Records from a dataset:

****************************************

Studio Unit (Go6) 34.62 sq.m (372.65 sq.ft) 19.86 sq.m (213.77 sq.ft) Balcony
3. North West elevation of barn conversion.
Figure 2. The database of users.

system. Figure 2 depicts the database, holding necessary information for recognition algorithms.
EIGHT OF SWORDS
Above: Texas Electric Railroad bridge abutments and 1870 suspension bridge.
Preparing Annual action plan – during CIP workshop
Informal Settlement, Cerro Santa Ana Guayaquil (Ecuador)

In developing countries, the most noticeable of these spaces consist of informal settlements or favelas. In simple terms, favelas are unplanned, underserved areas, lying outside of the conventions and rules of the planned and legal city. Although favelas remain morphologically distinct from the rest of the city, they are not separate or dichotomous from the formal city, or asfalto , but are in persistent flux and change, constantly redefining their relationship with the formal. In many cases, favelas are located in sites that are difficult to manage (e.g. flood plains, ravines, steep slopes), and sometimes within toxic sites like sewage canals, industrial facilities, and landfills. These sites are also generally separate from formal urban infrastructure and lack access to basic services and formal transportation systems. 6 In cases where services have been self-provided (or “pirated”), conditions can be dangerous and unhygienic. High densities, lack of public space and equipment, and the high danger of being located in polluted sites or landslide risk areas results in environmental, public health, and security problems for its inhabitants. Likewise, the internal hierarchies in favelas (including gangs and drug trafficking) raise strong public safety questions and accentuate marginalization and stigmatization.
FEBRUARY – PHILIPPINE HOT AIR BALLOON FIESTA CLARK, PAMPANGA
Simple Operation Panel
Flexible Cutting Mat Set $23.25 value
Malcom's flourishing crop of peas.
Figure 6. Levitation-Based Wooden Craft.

****************************************

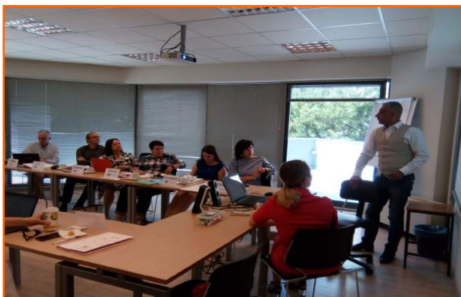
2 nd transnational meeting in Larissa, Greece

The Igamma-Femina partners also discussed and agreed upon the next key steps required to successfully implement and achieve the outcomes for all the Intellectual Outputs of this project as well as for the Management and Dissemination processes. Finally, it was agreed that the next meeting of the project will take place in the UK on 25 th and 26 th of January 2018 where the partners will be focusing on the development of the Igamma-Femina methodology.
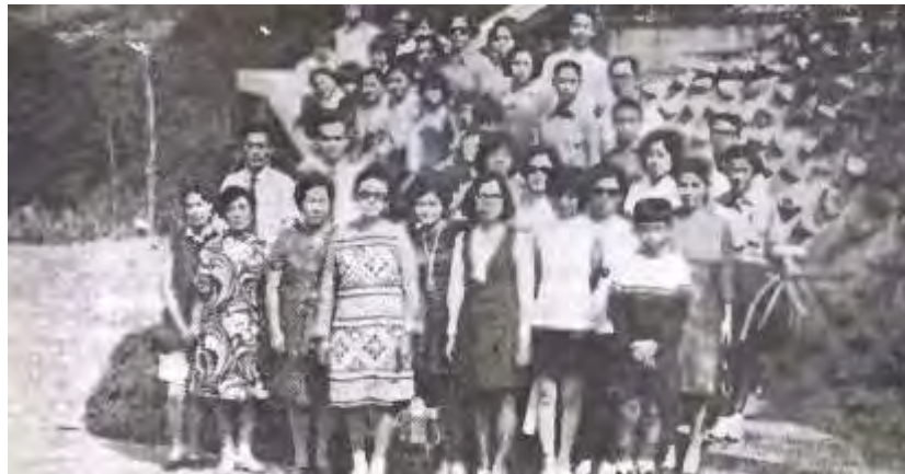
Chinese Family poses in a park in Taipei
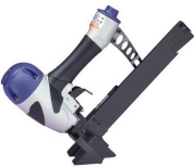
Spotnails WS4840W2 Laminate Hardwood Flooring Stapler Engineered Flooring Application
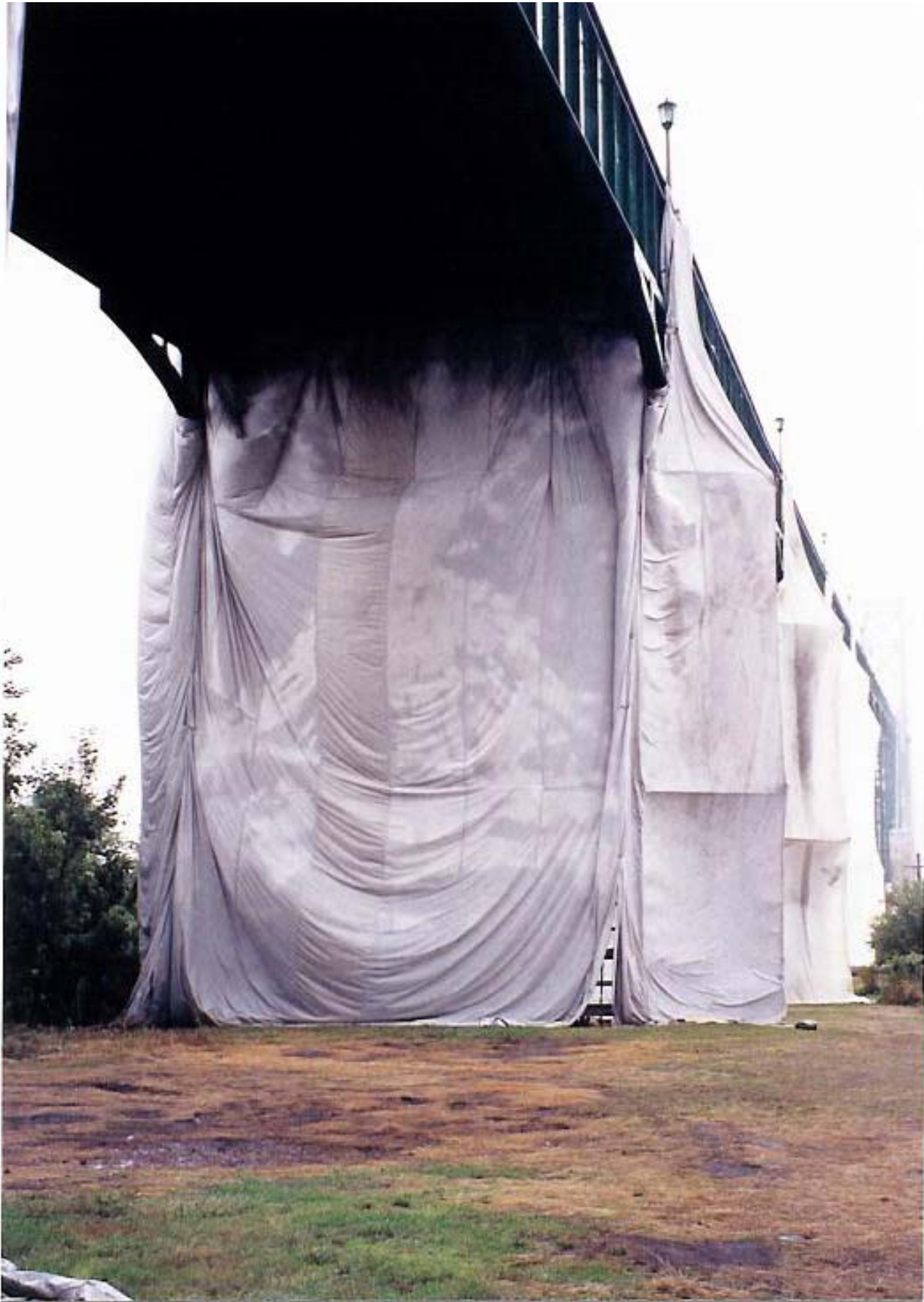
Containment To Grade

****************************************

## Work instruction:
Using the records given above, list every line that includes the word "database".

## Your solution:
Figure 2. The database of users.
system. Figure 2 depicts the database, holding necessary information for recognition algorithms.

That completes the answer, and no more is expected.